The US-India Business Council hosts the event on November 6 and says the US corporate presence will mark "the largest business delegation to leave US shores in history".

It has high hopes Obama's visit and his speech to business leaders will spur trade between the United States and this potentially lucrative market of 1.2 billion people.

That ambition is accompanied by a lengthy list of tangible "deliverables" cementing ties between the two nations, including a mixture of strategic steps removing obstacles to future business and specific deals in the pipeline that US firms hope to seal.

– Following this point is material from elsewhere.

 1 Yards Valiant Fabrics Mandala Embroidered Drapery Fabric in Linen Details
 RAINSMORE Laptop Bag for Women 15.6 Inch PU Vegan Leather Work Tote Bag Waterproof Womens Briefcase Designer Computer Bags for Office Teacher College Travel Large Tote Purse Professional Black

Here are highlights of the council's wish list, which also provides a yardstick by which to measure the success of Obama's visit from the viewpoint of US business:

Deals
- Successful conclusion to Indian purchase of 10 Boeing C-17s military transport planes, worth around $4.5 billion. The sale awaits US congressional approval.

- Hopeful sale by Boeing in late October of 30 new 737 aircraft, worth $2.7 billion, to private Indian airlines.

- Sale by GE of fighter jet engines worth $800 million to the Indian air force, and a separate $500 million sale of heavy duty gas turbines to India's Reliance Energy Ltd.

- Caterpillar: A $50 million marine engine deal for the Indian Coast Guard.

- Building on Cummins' and Eaton Corp's progress in producing natural gas hybrid buses with Tata Motors for the Commonwealth Games that are now being used in the New Delhi transport system.

- Harley-Davidson: Plans a new plant in India to  assemble American made motorcycle kits. The iconic US motorcycle maker announced in January it would launch 12 models in India this year.

Agreements
- Loosening US export controls and dual-use licensing policies to foster high-tech and defense industry trade between the countries by elevating the bilateral relationship to one of a "true strategic partnership".

- US backing for Indian membership in global nuclear nonproliferation regimes. The council specifically named the Nuclear Suppliers Group, the Missile Technology Control Regime, the Australian Group, which aims to reduce the spread of chemical and biological weapons, and the Wassenaar Arrangement, a multinational effort to control the transfer of conventional arms and dual-use technology.